Today, the balance between restaurants and stores is 50/50 and the emergence of what Joseph IV calls “power retailers,” such as Wal-Mart, Costco and the large supermarket chains, has “concentrated and centralized buying decisions and changed the wholesale, and retail, landscape.”
If the earlier generations were concerned with hand-rolled cigars and getting kegs to saloons on time, Joseph IV embodies the light-years transformation in the industry.
“The biggest change has been our shift from a distribution business to a service business and now to a category management and marketing business,” Joseph IV said. “This has mirrored pretty closely the industry overall.”
But what won’t change, the Bellavances say, is their commitment to community affairs in such organizations as the Nashua Soup Kitchen, the Humane Society and Big Brothers/Big Sisters. Or, despite technological advances, keeping in close touch with their customers, like Stan’s Place on West Hollis Street which, Joseph IV said, Bellavance Beverage has served for 40 years.

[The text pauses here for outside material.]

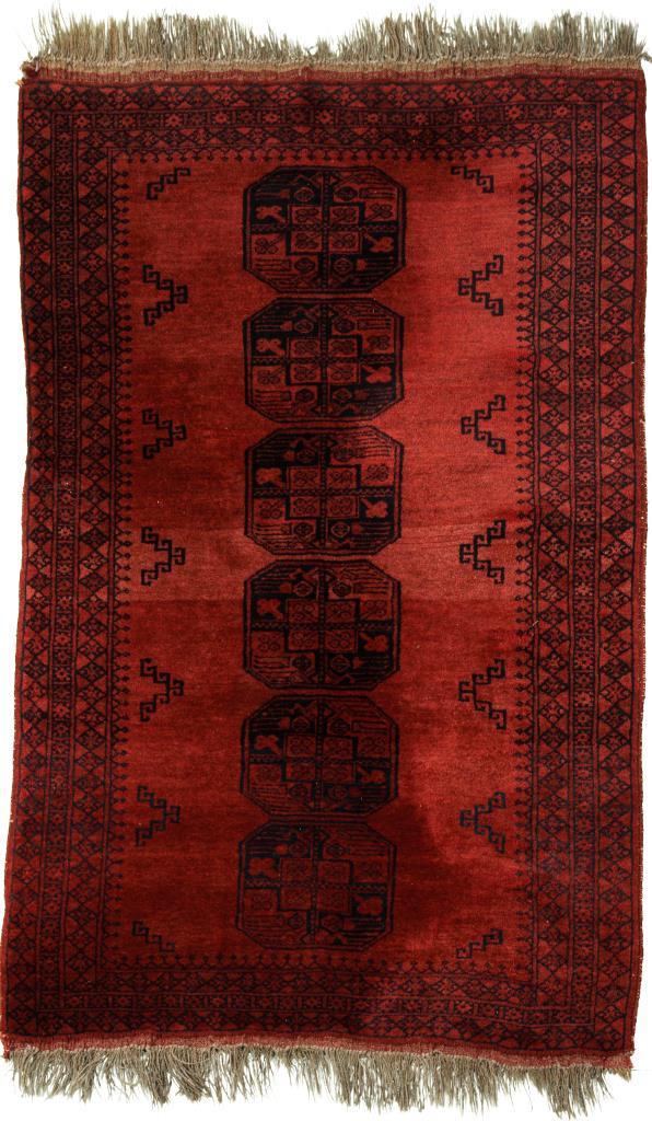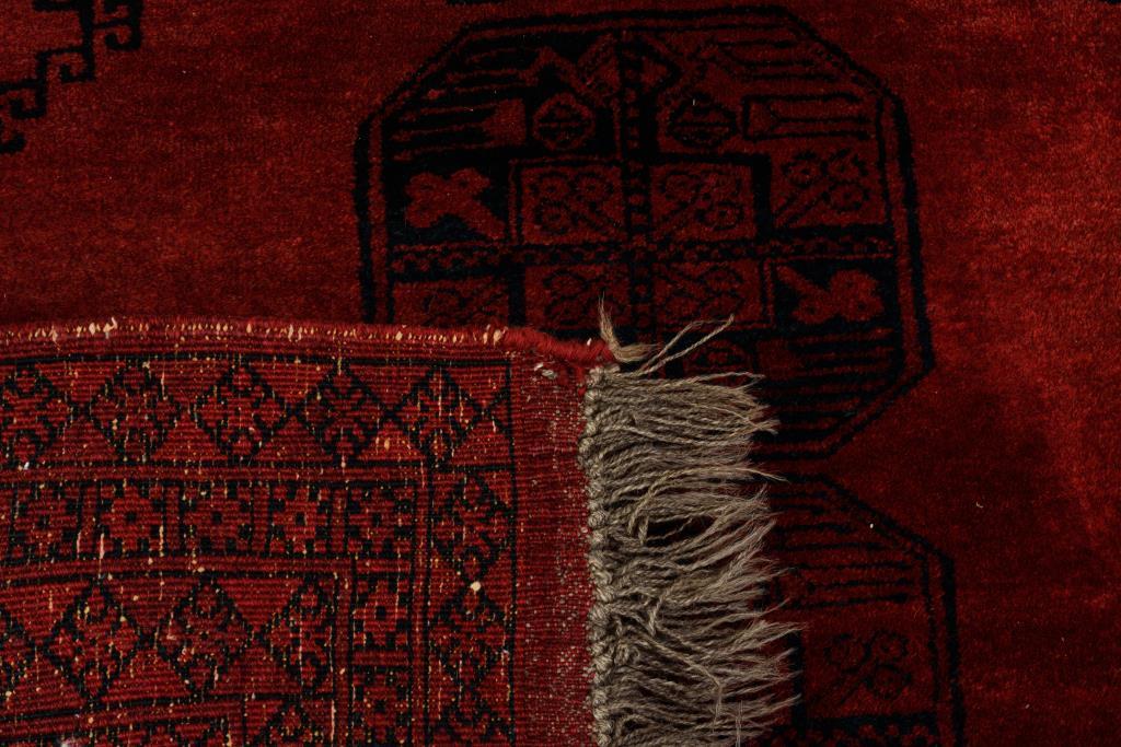 6 in Reihe liegende Ersari-Göls auf offenem Mittelfeld mit begleitenden Hakenelementen. Mehrreihige Bordüre mit geometrisierten Borten. Minimale Alters- und Gebrauchsspuren.

Now into its second century of business, Bellavance Beverage is on the move again. The “kitchen,” as the beer storage area is called, isn’t large enough to handle the quantities the company needs to have on hand (the typical stay for a case or keg of beer is 10 to 12 days). Bellavance is expected to relocate to its new 78,000-square-foot home on Northeastern Boulevard in June or July. The new facility also will house an extensive collection of historical photos, signs and memorabilia.
Said Joseph IV: “In the decade ahead, I see, first, a renewed focus on the distribution aspect of the business with technologies like RFID, GPS, wireless and more powerful computing and software being applied to logistics, order/inventory management, order picking, back-door delivery and routing. This will then spill into service aspects, such as automatic order writing or replenishment and dynamic shelf or floor spacing.”

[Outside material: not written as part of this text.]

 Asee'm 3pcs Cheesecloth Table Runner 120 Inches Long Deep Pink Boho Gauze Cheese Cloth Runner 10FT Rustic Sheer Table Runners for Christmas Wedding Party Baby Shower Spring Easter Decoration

There might even be a fifth Bellavance generation to take the business toward the 22nd century: “I have a 7-month-old daughter, Grace, and my cousin Sam has a 12-year-old daughter, Randi. There are other nieces and nephews in the fifth generation.”
The Citizens Bank Not Your Typical Business Award is presented in partnership with New Hampshire Business Review. Businesses are selected each month based on the company’s commitment to community, colleagues and customers.